Linus Torvalds <torvalds@xxxxxxxxxxxxxxxxxxxx> · Sun, 18 Feb 2024 10:57:19 -0800

On Sun, 18 Feb 2024 at 10:08, Linus Torvalds
<torvalds@xxxxxxxxxxxxxxxxxxxx> wrote:
>
> The only ugliness I see is the one that comes from the original code -
> I'm not thrilled about the "return -EAGAIN" part, and I think that if
> we found a previously stashed entry after all, we should loop.
>
> But I think that whole horror comes from a fear of an endless loop
> when the dentry is marked dead, and another CPU still sees the old
> value (so you can't re-use it, and yet it's not NULL).

Actually, I think this is fairly easily fixable, but let's fix it
*after* you've done your cleanups.

The eventual fix is fairly simple: allow installing a new dentry not
just as a replacement for a previous NULL dentry, but also replacing a
previous dead dentry.

That requires just two simple changes:

 - the ->d_prune() callback should no longer just blindly set the
stashed value to NULL, it would do

        // Somebody could have re-used our stash as the dentry
        // died, so we only NULL it out of if matches our pruned one
        cmpxchg(&stashed, dentry, NULL);

 - when installing, instead of doing

        if (cmpxchg(&stashed, NULL, dentry) .. FAIL ..

   we'd loop with something like this:

        guard(rcu)();
        for (;;) {
                struct dentry *old;

                // Assume any old dentry was cleared out
                old = cmpxchg(&stashed, NULL, dentry);
                if (likely(!old))
                        break;

                // Maybe somebody else installed a good dentry
                // .. so release ours and use the new one
                if (lockref_get_not_dead(&old->d_lockref)) {
                        d_delete(dentry);
                        dput(dentry);
                        return old;
                }

                // There's an old dead dentry there, try to take it over
                if (likely(try_cmpxchg(&stashed, old, dentry)))
                        break;

                // Ooops, that failed, to back and try again
                cpu_relax();
        }

        // We successfully installed our dentry
        // as the new stashed one
        return dentry;

which really isn't doesn't look that complicated (note the RCU guard
as a way to make sure this all runs RCU-locked without needing to
worry about the unlock sequence).

Note: your initial optimistic "get_stashed_dentry()" stays exactly as
it is.

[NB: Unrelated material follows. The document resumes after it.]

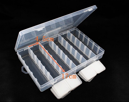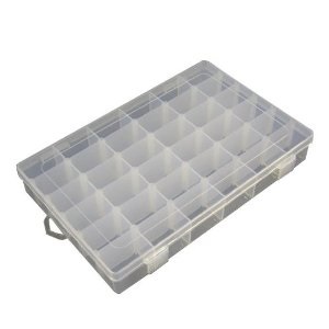 36 compartment for Components or Jewelry or fishing parts Storage Case Organizer in Clear white color, and made by high quality plastic. Total 36 Compartments, and user can move the grid partitions between two slots to form a longer compartment. Suitable for technician, engineers, students for storing I.C., chip form capacitors and resistors, small screws, nuts, washers and Lock washers. Besides, it is also good to be used as jewellery box too.

The above loop is just for the "oh, we didn't trivially re-use
an old dentry, so now we need to allocate a new one and install it"
case.

Anyway, the above is written just in the MUA, there's no testing of
the above, and again - I think this should be done *after* you've done
the cleanups of the current code. But I think it would clarify the odd
race condition with an old dentry dying just as a new one is created,
and make sure there isn't some -EAGAIN case that people need to worry
about.

Because either we can re-use the old one, or there isn't an old one,
or we find a dead one that can't be reused but can just be replaced.

Fairly straightforward, no?

               Linus